Em 1982, ele percebeu novamente que era diferente dos outros, quando seu primeiro livro foi publicado. No entanto, esse homem desavisado foi então atingido por um choque completamente novo. Uma foto do autor apareceu no jornal ao lado de uma resenha de seu romance "Os Jardins Escondidos". Ele ficou paralisado de horror e se perguntou o que as pessoas pensariam. "Será que alguém com aquela aparência poderia ser considerado um escritor?" Ele se trancou em casa e mal ousava sair.

Martin R. Dean conta a história na coletânea de ensaios "Nas Câmaras de Eco do Estrangeiro", publicada recentemente. Quando seu romance de estreia foi publicado, ele já havia aprendido o que era racismo e como ele o afetava. Mas esse conhecimento desencadeou vergonha em vez de raiva. Ele se sentiu pego como um impostor, como alguém assumindo um papel que não era seu.

Desprezada pelo padrasto

Até hoje, Dean carrega consigo duas grandes feridas. Elas sempre estiveram presentes em sua obra, mesmo quando não eram mencionadas. Uma ferida era sua origem e herança, que o tornavam um estranho visível neste país. A outra era ainda mais atormentadora: sua mãe e seu padrasto, que ele desprezava, o forçaram a ser cúmplice no apagamento justamente dessa herança.

Logo após o nascimento do filho, a mãe de Dean se separou do pai em Trinidad e Tobago, para onde haviam viajado em novembro de 1955. A mãe permaneceu com o filho no Caribe por mais quatro anos: tempo suficiente para deixar uma impressão duradoura na criança, mas curto demais para que ela se sentisse em casa.
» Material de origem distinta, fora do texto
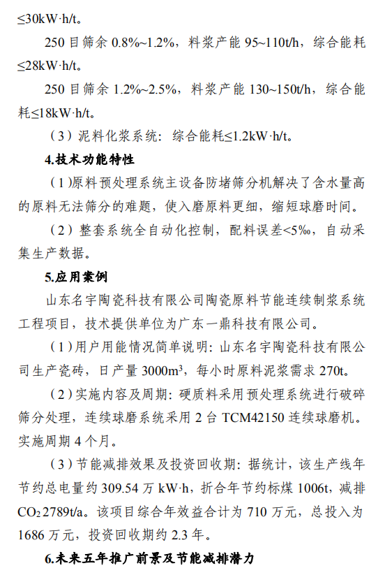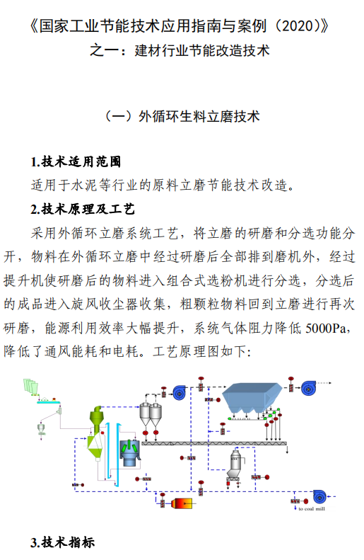 之一:建材行業(yè)節(jié)能改造技術(shù)外循環(huán)生料立磨節(jié)能技術(shù),采用外循環(huán)立磨系統(tǒng)工藝,將立磨的研磨和分選功能分開(kāi),系統(tǒng)氣體阻力降低5000Pa,通風(fēng)能耗和電耗降低,粉磨系統(tǒng)電耗降低3-4kW·h/t,能源利用效率大幅提升。在湖北京蘭(永興)水泥有限公司改造項(xiàng)目中,系統(tǒng)產(chǎn)量提升約10%,系統(tǒng)電耗降低4.47kW·h/t,年節(jié)約電量約756萬(wàn)kW·h,折合年節(jié)約標(biāo)煤2457t,減排二氧化碳6812t/a。鋼渣/礦渣輥壓機(jī)終粉磨系統(tǒng)節(jié)能技術(shù),以輥壓機(jī)和動(dòng)靜組合式選粉機(jī)為核心設(shè)備,輥面壽命可達(dá)立磨的2倍,具有廣泛的物料適應(yīng)性;全部物料為外循環(huán),除鐵方便,避免塊狀金屬富集;系統(tǒng)阻力低,節(jié)電效果明顯,礦渣微粉生產(chǎn)的系統(tǒng)電耗<35kW·h/t。在邯鄲市邦信建材有限公司礦渣粉磨及儲(chǔ)存(30萬(wàn)t/a)項(xiàng)目中,鋼渣/礦渣輥壓機(jī)終粉磨系統(tǒng)年節(jié)約電量約120萬(wàn)kW·h,折合年節(jié)約標(biāo)煤390t,減排二氧化碳1081t/a。陶瓷原料連續(xù)制漿系統(tǒng)節(jié)能技術(shù),采用自動(dòng)精確連續(xù)配料、原料預(yù)處理系統(tǒng)、泥料/黏土連續(xù)化漿系統(tǒng)、連續(xù)式球磨方法等關(guān)鍵技術(shù),實(shí)現(xiàn)自動(dòng)配料和自動(dòng)出漿的功能,原料預(yù)處理系統(tǒng)綜合能耗≤4kW·h/t,250目篩余0.7%-0.9%、料漿產(chǎn)能85-100t/h連續(xù)球磨系統(tǒng)綜合能耗≤30kW·h/t,泥料化漿系統(tǒng)綜合能耗≤1.2kW·h/t,節(jié)能效果顯著。山東名宇陶瓷科技有限公司陶瓷原料節(jié)能連續(xù)制漿系統(tǒng)改造項(xiàng)目,生產(chǎn)線年節(jié)約總電量約309.54萬(wàn)kW·h,折合年節(jié)約標(biāo)煤1006t,減排二氧化碳2789t/a。帶中段輥破的列進(jìn)式冷卻機(jī)節(jié)能技術(shù),采用區(qū)域供風(fēng)急冷技術(shù)并在冷卻機(jī)中段設(shè)置了高溫輥式破碎機(jī),使大塊紅料得到充分破碎,落入到第二段篦床冷卻后,以較低的溫度排出,熱回收效率高,可降低燒成系統(tǒng)熱耗,平均每噸熟料節(jié)約標(biāo)煤2kg。在泰安中聯(lián)水泥有限公司5000t/d新型干法水泥工程項(xiàng)目中,系統(tǒng)運(yùn)行穩(wěn)定,年節(jié)約標(biāo)煤4108t,減排二氧化碳1.14萬(wàn)t/a。臥式玻璃直線四邊砂輪式磨邊技術(shù),采用多軸伺服電機(jī)聯(lián)動(dòng)技術(shù),精確控制各移動(dòng)部件定位以及磨輪相對(duì)于玻璃的移動(dòng)速度,磨邊速度15-30m/min,玻璃所需磨邊時(shí)間平均20s/m2,可同時(shí)完成玻璃的四條邊打磨,提升了玻璃棱邊加工的效率。在廣宇洛玻(北京)工業(yè)玻璃有限公司改造項(xiàng)目中,該項(xiàng)目年節(jié)約標(biāo)煤46.8t,減排二氧化碳1170t/a。新型水泥熟料冷卻技術(shù)及裝備,采用新型前吹高效篦板、高效急冷斜坡、高溫區(qū)細(xì)分供風(fēng)、新型高溫耐磨材料、智能化“自動(dòng)駕駛”、新型流量調(diào)節(jié)閥等技術(shù),熱回收效率高、輸送運(yùn)轉(zhuǎn)率高、磨損低。在淶水冀東水泥有限公司篦冷機(jī)改造項(xiàng)目中,噸熟料工序電耗下降2.57kW·h,每年可節(jié)電370萬(wàn)kW·h,折合標(biāo)煤1202.5t,工序標(biāo)煤耗下降2.81kg/tcl,每年可節(jié)約5100tce,余熱發(fā)電年增加發(fā)電量570萬(wàn)kW·h,折合標(biāo)煤1852.5t。綜合年節(jié)約標(biāo)煤8155t,減排二氧化碳2.26萬(wàn)t/a。

Mais importante ainda, porém, ela retornou à Suíça com outro homem, também de ascendência indiana, que, reconhecidamente, desprezava o pai biológico de Dean e, portanto, também rejeitava o filho.

As circunstâncias em que essa criança se encontrava não eram fáceis. E se os italianos já eram considerados insuportavelmente estrangeiros na Suíça no início dos anos 1960, como uma criança de pele escura poderia se destacar? Então, ela cresceu com uma dupla desvantagem.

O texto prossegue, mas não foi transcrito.